··· Supplied material ···
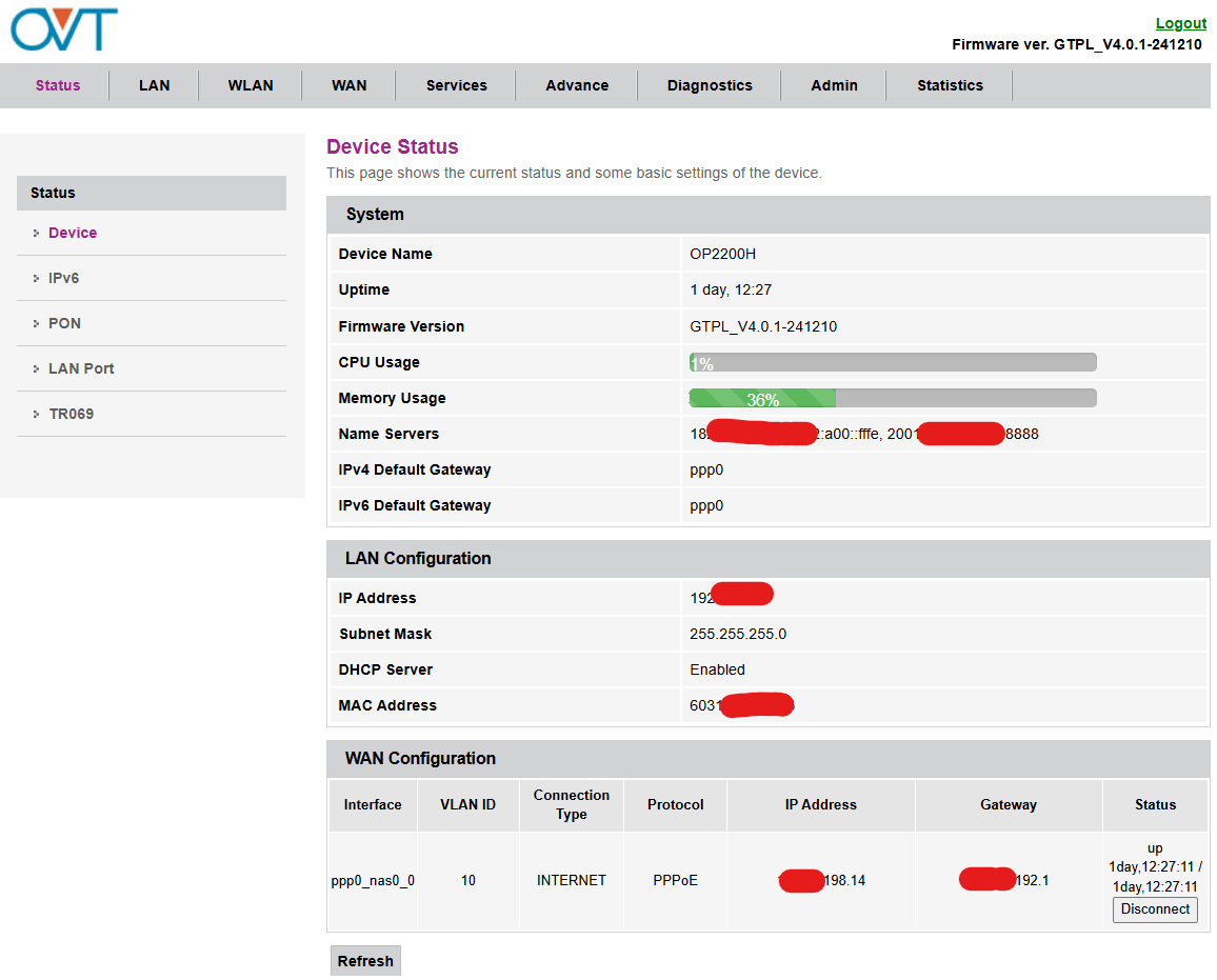 The technician arranged a configured ZTE GPON that GTPL used in the past, but that is also not working. As soon as I connect my ER605 load balancer to the ZTE GPON, I won’t be able to login at all. And GTPL have disabled the LAN port on the GPON so I cannot login to GPON also to configure.
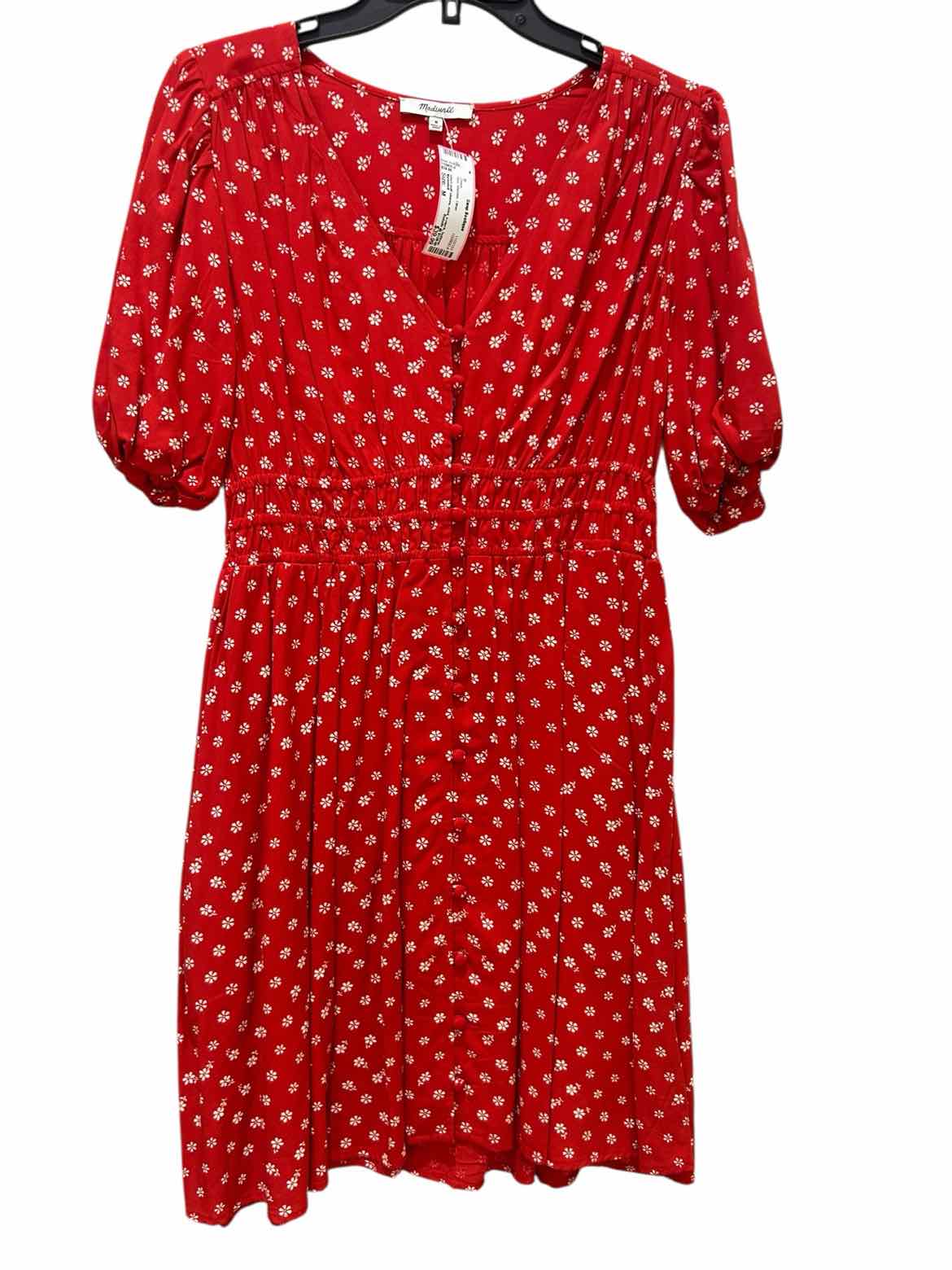 The vibrant red hue of the Madewell Red Size M Dress brings new energy to any women's consignment fashion collection. Designed in soft viscose, this pre-loved designer mini dress features short puff sleeves, a flattering v-neck, and a row of buttons up the front for classic appeal. A shirred elastic waist ensures a comfortable, tailored fit, making it a versatile addition from authentic luxury resale. Whether you're looking to refresh your wardrobe with a chic mini silhouette or searching for a special pre-owned find, this Madewell dress captures refined style and timeless charm.
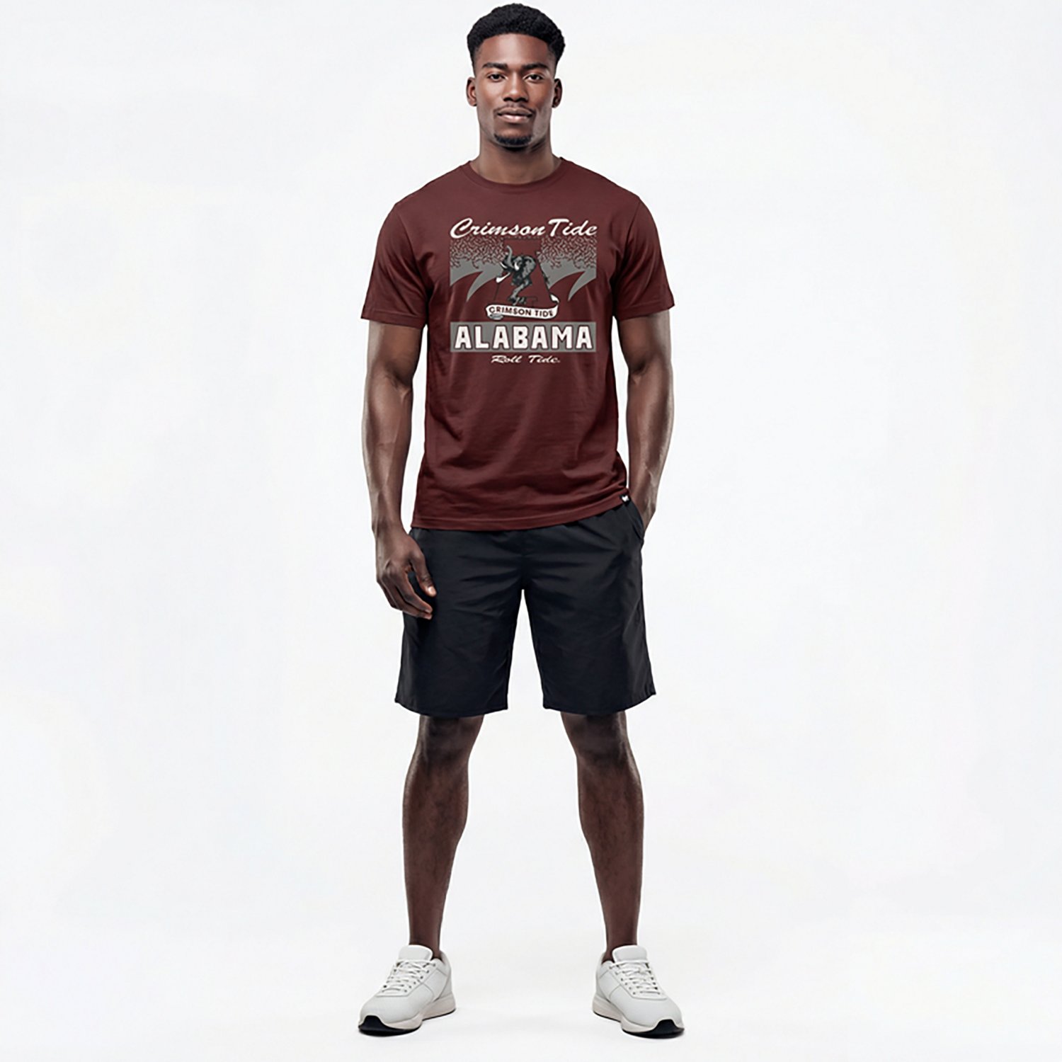 Make sure everyone knows which school you cheer for by throwing on the 47 Men's Alabama Waver Franklin T-shirt. This T-shirt is made of lightweight cotton with short sleeves for casual comfort and features a team graphic on the chest that is distressed for a vintage style.
···
### To do
Everything in the listing above, apart from its pictures, must be repeated exactly.

### Your response
 The technician arranged a configured ZTE GPON that GTPL used in the past, but that is also not working. As soon as I connect my ER605 load balancer to the ZTE GPON, I won’t be able to login at all. And GTPL have disabled the LAN port on the GPON so I cannot login to GPON also to configure.
 The vibrant red hue of the Madewell Red Size M Dress brings new energy to any women's consignment fashion collection. Designed in soft viscose, this pre-loved designer mini dress features short puff sleeves, a flattering v-neck, and a row of buttons up the front for classic appeal. A shirred elastic waist ensures a comfortable, tailored fit, making it a versatile addition from authentic luxury resale. Whether you're looking to refresh your wardrobe with a chic mini silhouette or searching for a special pre-owned find, this Madewell dress captures refined style and timeless charm.
 Make sure everyone knows which school you cheer for by throwing on the 47 Men's Alabama Waver Franklin T-shirt. This T-shirt is made of lightweight cotton with short sleeves for casual comfort and features a team graphic on the chest that is distressed for a vintage style.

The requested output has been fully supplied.